Counting the number of occurances of words in a text is a popular first exercise using map-reduce.

## The Task
**Input:** A text file consisisting of words separated by spaces.  
**Output:** A list of words and their counts, sorted from the most to the least common.

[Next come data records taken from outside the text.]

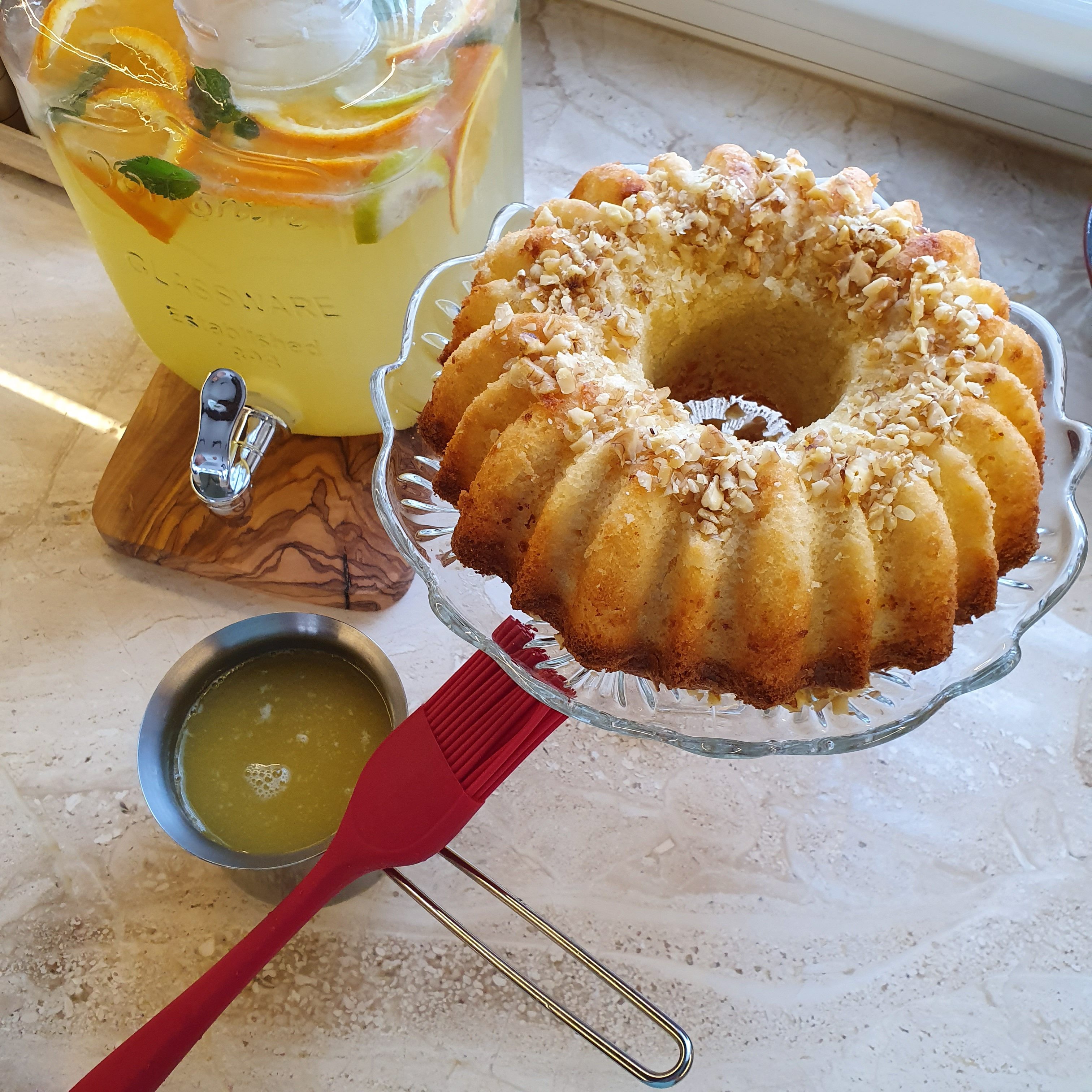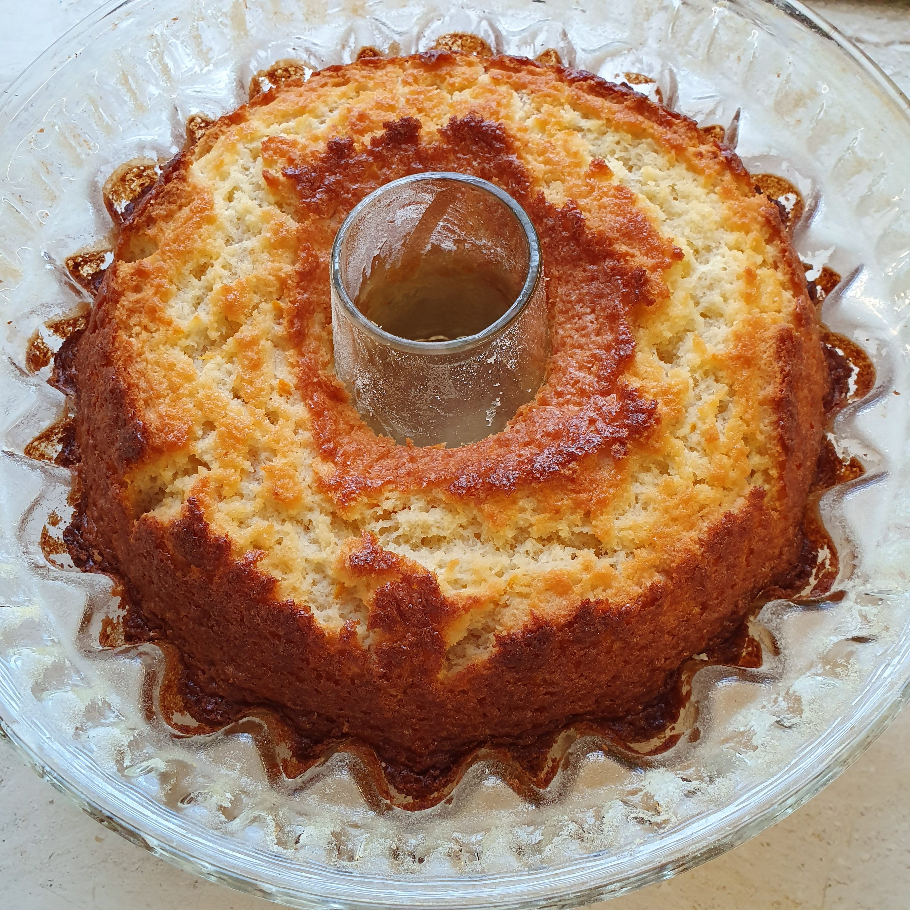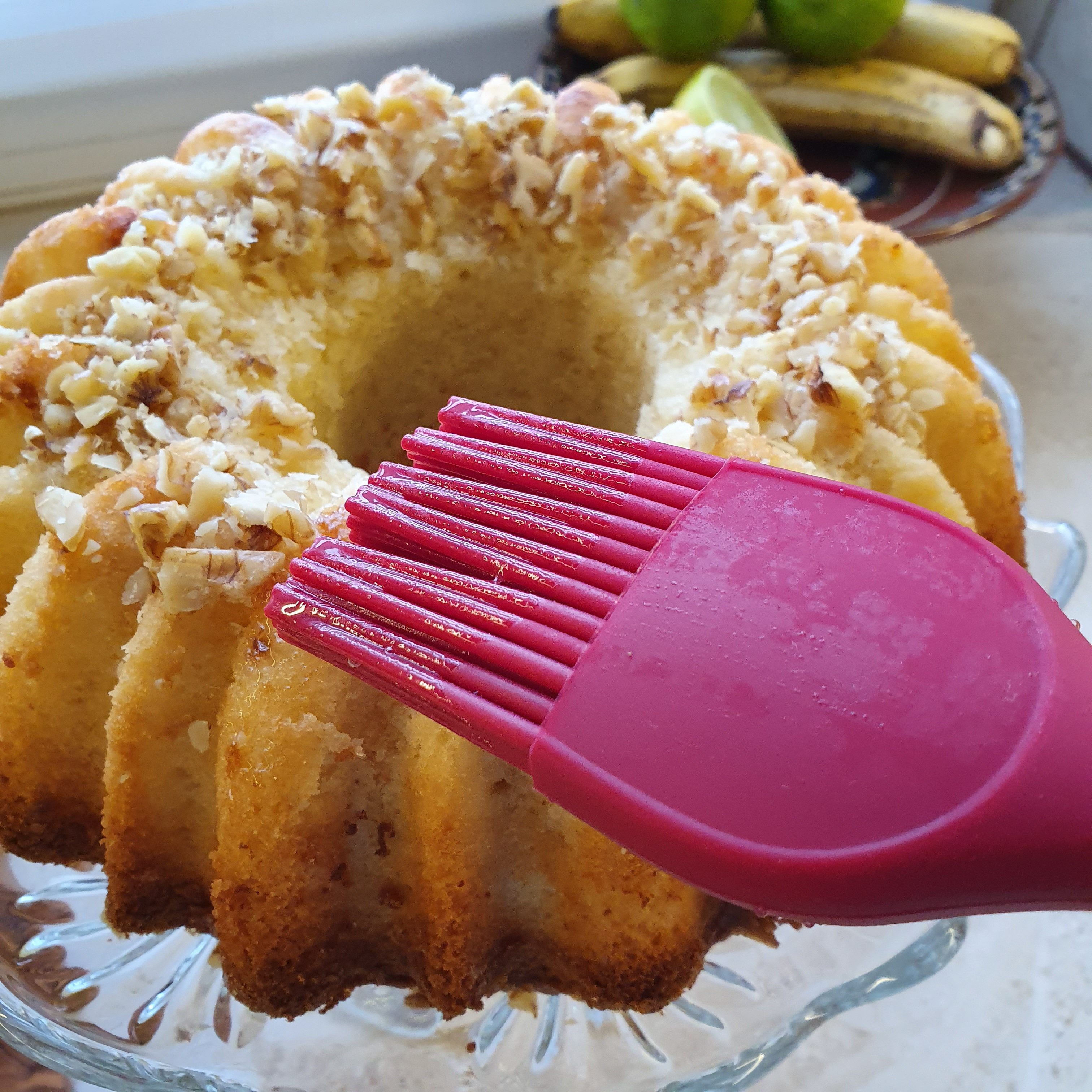 It’s time to make the topping. Over medium heat, melt the butter with the sugar and pineapple juice. When the sugar is melted, we remove it from the stove and after it has cooled slightly add the rum. When the cake and syrup are cool enough, sprinkle with the crushed kernels and use a brush to irrigate the syrup. It’s a good idea to leave the cake in the refrigerator to absorb the liquid completely and get a juicy and alcoholic pleasure.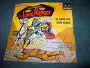 Decca Records The Adventures of the Lone Ranger created by George Trendle. He Rides The Iron Horse is number nine in a series. Record shows lots of scratching; paper and plastic covered sleeve has one long slice across the front, quite a few corner bends and creases. Copyright 1955 The Lone Ranger Incorporated.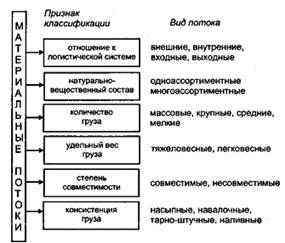 Материальные потоки подразделяют по следующим основным признакам: отношению к логистической системе, натурально-вещественному составу потока, количеству образующих поток грузов, удельному весу образующего поток груза, степени совместимости грузов, консистенции грузов.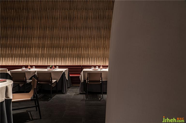 餐廳設計顆粒度的細微變化帶來身處其中的情緒轉化——光滑的現(xiàn)代感中適量混入粗糙顆粒,如同劃過我們情緒肌膚的溫暖沙粒,溫暖的時光感與源于市井的煙火氣合二為一,觸發(fā)眷戀。
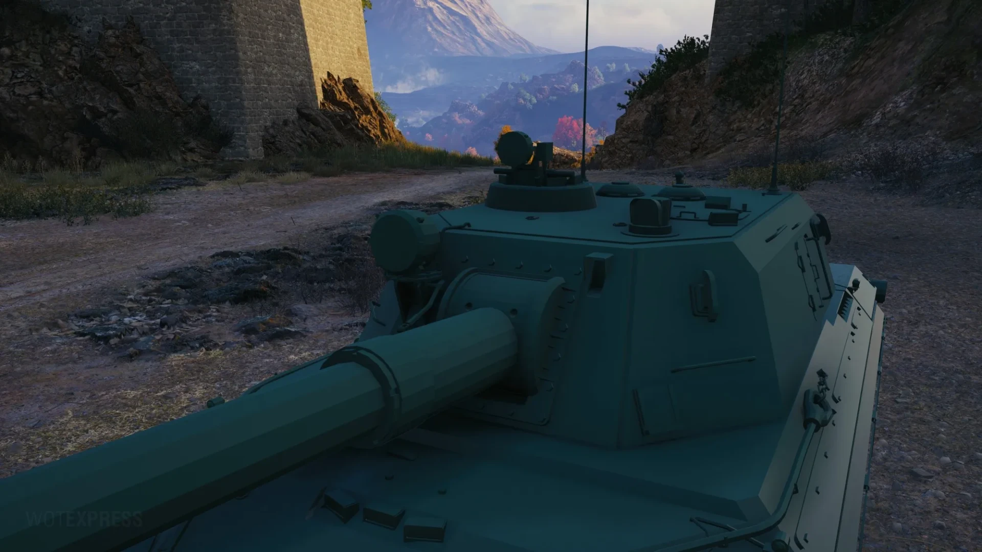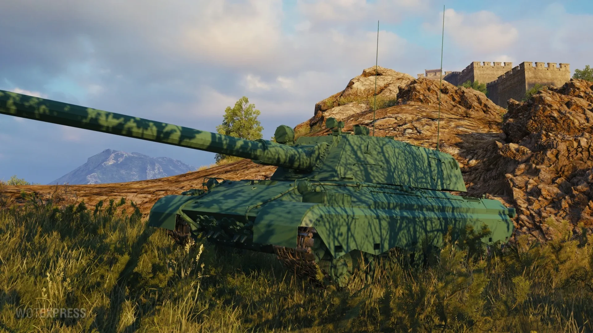 114 SP2 (Китай, ПТ-10, акционная) в игровых скриншотах WOrld of Tanks на отдыхе ищет кустики.
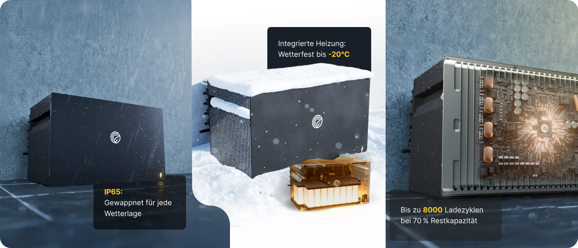 - Drei Batteriespeicher: 6,33 kWh
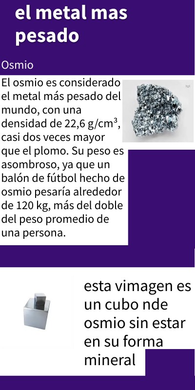 El osmio es considerado el metal más pesado del mundo, con una densidad de 22,6 g/cm³, casi dos veces mayor que el plomo. Su peso es asombroso, ya que un balón de fútbol hecho de osmio pesaría alrededor de 120 kg, más del doble del peso promedio de una persona.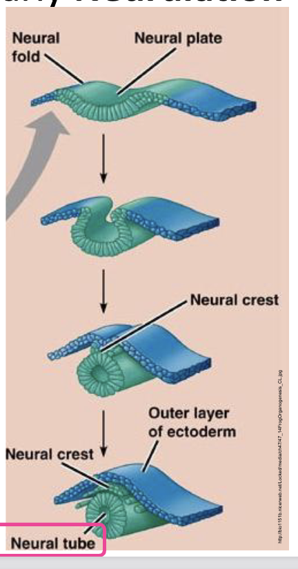 the process in early vertebrate development where the neural plate, a flat sheet of cells on the back of the embryo, folds to form the neural tube

We will use the book "Moby Dick" as our input.

In [0]:
!apt-get install openjdk-8-jdk-headless -qq > /dev/null
!wget -q https://www-us.apache.org/dist/spark/spark-2.4.5/spark-2.4.5-bin-hadoop2.7.tgz

# !tar -xvf /content/spark-2.4.5-bin-hadoop2.7.tgz
!tar -xvf  spark-2.4.5-bin-hadoop2.7.tgz
!pip install -q findspark

import os
os.environ["JAVA_HOME"] = "/usr/lib/jvm/java-8-openjdk-amd64"
os.environ["SPARK_HOME"] = "/content/spark-2.4.5-bin-hadoop2.7"

import findspark
findspark.init()

# Create a blank SparkContext
from pyspark import SparkContext
sc = SparkContext()

In [0]:
def pretty_print_plan(rdd):
    for x in rdd.toDebugString().decode().split('\n'):
        print(x)

## Download data file from S3

In [4]:
%%time

##If this cell fails, download the file from https://mas-dse-open.s3.amazonaws.com/Moby-Dick.txt on your browser
# and put it in the '../../Data/ directory
import requests
data_dir='../../Data'
filename='Moby-Dick.txt'
url = "https://mas-dse-open.s3.amazonaws.com/"+filename
local_path = data_dir+'/'+filename
!mkdir -p {data_dir}
# Copy URL content to local_path
r = requests.get(url, allow_redirects=True)
open(local_path, 'wb').write(r.content)

# check that the text file is where we expect it to be
!ls -l $local_path

-rw-r--r-- 1 root root 1257260 Feb 14 00:50 ../../Data/Moby-Dick.txt
CPU times: user 96.1 ms, sys: 29.8 ms, total: 126 ms
Wall time: 5.82 s


## Define an RDD that will read the file
* Execution of read is **lazy**
* File has been opened.
* Reading starts when stage is executed.

In [5]:
%%time
text_file = sc.textFile(data_dir+'/'+filename)
type(text_file) 

CPU times: user 69 µs, sys: 2.83 ms, total: 2.9 ms
Wall time: 972 ms


## Steps for counting the words

* split line by spaces.
* map `word` to `(word,1)`
* count the number of occurances of each word.

In [6]:
%%time
words =     text_file.flatMap(lambda line: line.split(" "))
not_empty = words.filter(lambda x: x!='') 
key_values= not_empty.map(lambda word: (word, 1)) 
counts=     key_values.reduceByKey(lambda a, b: a + b)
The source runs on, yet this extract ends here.